Moving wood from damaged buildings, pallets, landscape timbers, utility poles and other paper or wood products out of the infested area into uninfested areas can spread the termites. Back in October, the Louisiana Department of Agriculture and Forestry imposed a quarantine on 12 Louisiana parishes. Wooden architectural components in that area can't be sold or used until they are fumigated or heat-treated to kill the termites.

The termite is found in other Gulf Coast states and they are not part of the quarantine.

Landscape materials that have been shredded probably don't have any termites at that time. It is possible that they could get termites by sitting around waiting to be sold, however. Logs, firewood piles and damaged building materials can become termite-infested if left on the ground. The quarantine does not cover these materials.

Louisiana is a large exporter of shredded cypress mulch. The mulch is long-lasting and inexpensive, as it is a waste product from the making of cypress wood items. Cypress trees are naturally rot-resistant and the wood is used for shingles and outdoor furniture. The mulch is often sold in bags in gas stations and other discount store locations.

There are a lot of people against using cypress mulch, shingles and other cypress products because old-growth cypress areas are being logged. The trees take at least 100 years to get to the proper size for cutting. Many areas in Louisiana logged a century ago have finally begun getting back to the proper size.

Ivory-billed woodpeckers need huge areas of the large trees for their habitat, so some people don't want the cypress trees to be cut down again in hopes the birds might come back.

Besides removing the trees, roads or canals need to be installed in the swamps to harvest the trees. This damages the swamps, and damaged swamps are part of the reason there was so much flooding in the Gulf Coast region during the recent storms.

It is a complex situation, since even though many trees came back once, there are a lot more roads, pipelines, cities and people, plus there are a lot less wetlands as they have been drained or not replenished because of river channelization.

In many areas, the trees did not come back and the low-quality grass and scrub areas did not protect the coastline from waves. There is concern the trees won't come back over the next hundred years in the areas they came back the first time.

To answer part of your question, cypress mulch won't likely be infested by the termites, but there are other reasons you may not want to use it.

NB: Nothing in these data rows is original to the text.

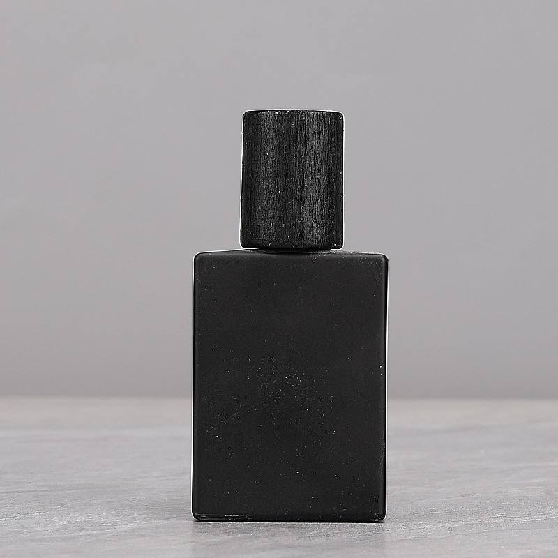Nom du produit:30ml vide bouteille en verre de parfum noir mat avec couvercle en bois
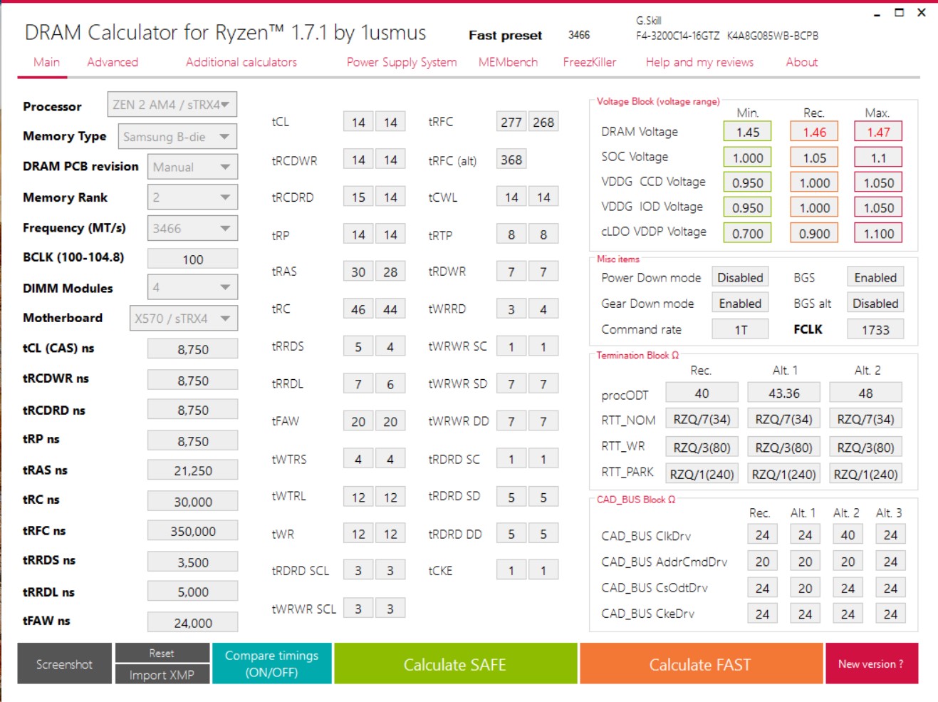 Попробовал запустить фас пресет 3466 по калькулятору - в итоге бсоды, краши и прочее даже при 1,5В, но при этом работает без ошибок на 1,45 если задать тайминги чуть ниже:
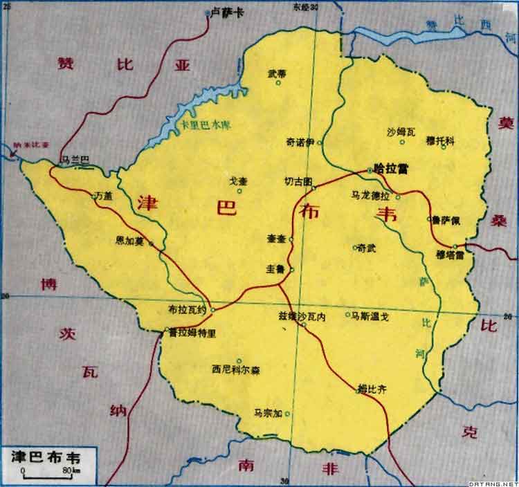 (知识普及:津巴布韦是非洲东南部一个比较古老的内陆国家,东邻莫桑比克,南接南非,西北与赞比亚相连。1890年,沦为英国殖民地。经过长达近百年的斗争,于1980年4月18日取得独立,成立津巴布韦共和国,同日,津巴布韦同中国建交。中津两国领导人频繁互访,友好合作关系顺利稳定发展。两国经贸合作正呈现出快速健康发展新局面,双边贸易额迅速增加,近年来,中国已成为津巴布韦第三大贸易伙伴,仅次于南非和欧盟。穆加贝总统在中津建交当年就来华访问,以后又多次访华,成为访华次数最多的非洲国家领导人之一。津巴布韦是非洲工业较发达的国家,制造业、农业、矿业为经济三大支柱,津巴布韦为世界第三大烟草出口国,并以出产优质鳄鱼皮而闻名,有“鳄鱼之乡”的誉称。该国自然资源丰富,工农业基础较好,但水力资源比较贫乏)
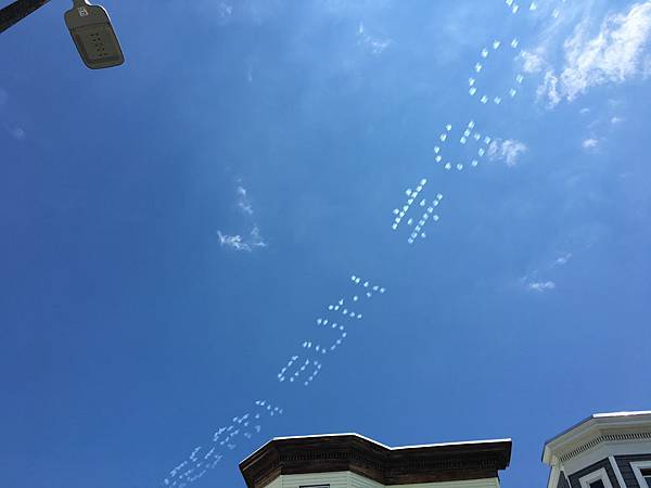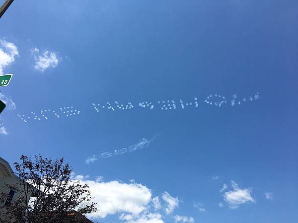 聽到一陣飛機引擎聲,抬頭,看見真正的雲端廣告! 不過這種廣告很快就隨風而逝。不容易分辨。
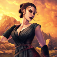 The image shows a digital illustration of the character Rey from
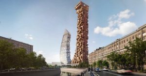К площадке «Рубцовско-Дворцовая, 1/3» девелоперы присматриваются давно. Там стоит детская больница имени святого Владимира, для которой построили новый корпус на улице Матросская Тишина. В июле уже появлялся проект на эту территорию — небоскреб в виде буквы М. Но, как выяснилось, есть и другой, не менее впечатляющий вариант от бюро Kleinewelt Architekten.
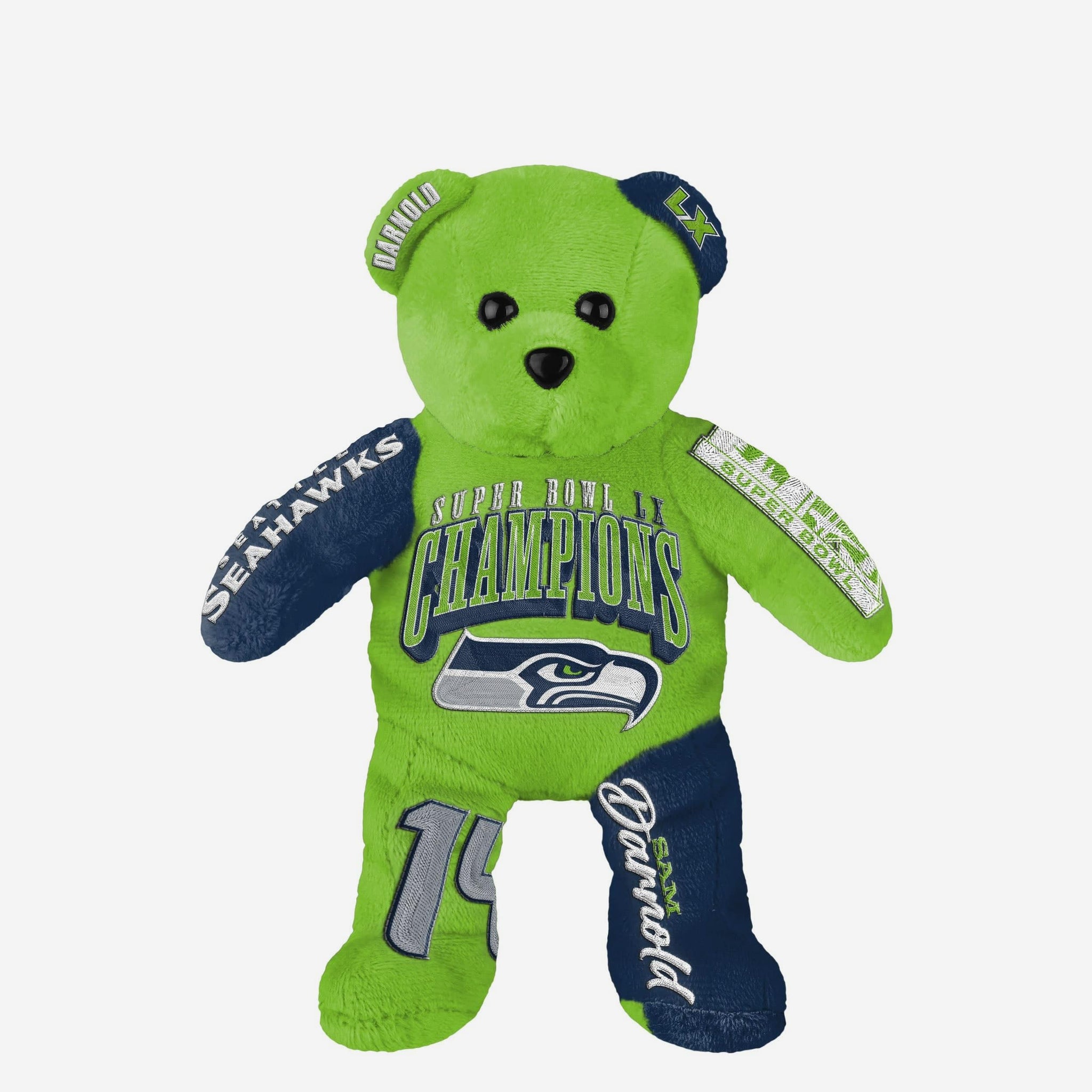 Cuddly. Cute. Super Bowl Champion! Kick off your celebration by cuddling up to this Sam Darnold Seattle Seahawks Super Bowl LX Champions Team Beans Embroidered Player Bear.
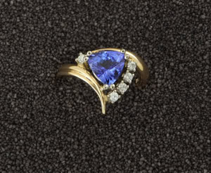Verlobungsring in Gelb- und Weissgold 750, Tansanit-Trillant 1,88 ct.
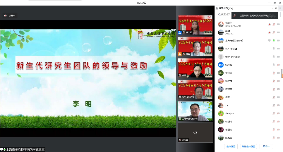 为进一步明确研究生导师职责担当,强化研究生导师立德树人的意识和责任,提升研究生导师指导水平,保证公司产品质量和研究生教育工作的管理质量,6月23日yl6809永利邀请上海市委党校领导科学教研部(人力资源测评中心)副主任李明教授开展线上导师培训,本次培训会的主题是“凝聚团队力量、共同开创未来”。研究生处处长张华、公司领导班子、全体研究生导师参加了会议本次导师培训会,副经理郭辉主持会议。

It is a good idea to use mulch in most landscapes. Composted mulch has been naturally heated to kill many pest organisms, but raw bark mulch could harbor some pests, although it is unlikely.

Another area of the country that has a quarantine for wood products is Michigan, to stop the spread of the emerald ash borer, an exotic beetle that was discovered in the Detroit area. It was probably brought in on wooden packing material from Asia, where it is native. Large areas of Michigan, Ohio and Indiana have been quarantined.

The larvae feed on the inner bark of ash trees. To prevent the spread of the beetle, more than 10 million ash trees have been cut down so far. People have been arrested and fined for moving wood out of the quarantine areas. There are billboards in Michigan that tell people to bring their own marshmallows, but to leave the firewood at home.

It may be best to buy your mulch from local sources. Any potential pests in the mulch would already be in existence in your local region. Instead of bark mulch, you can use composted organic matter and you will get many of the same benefits.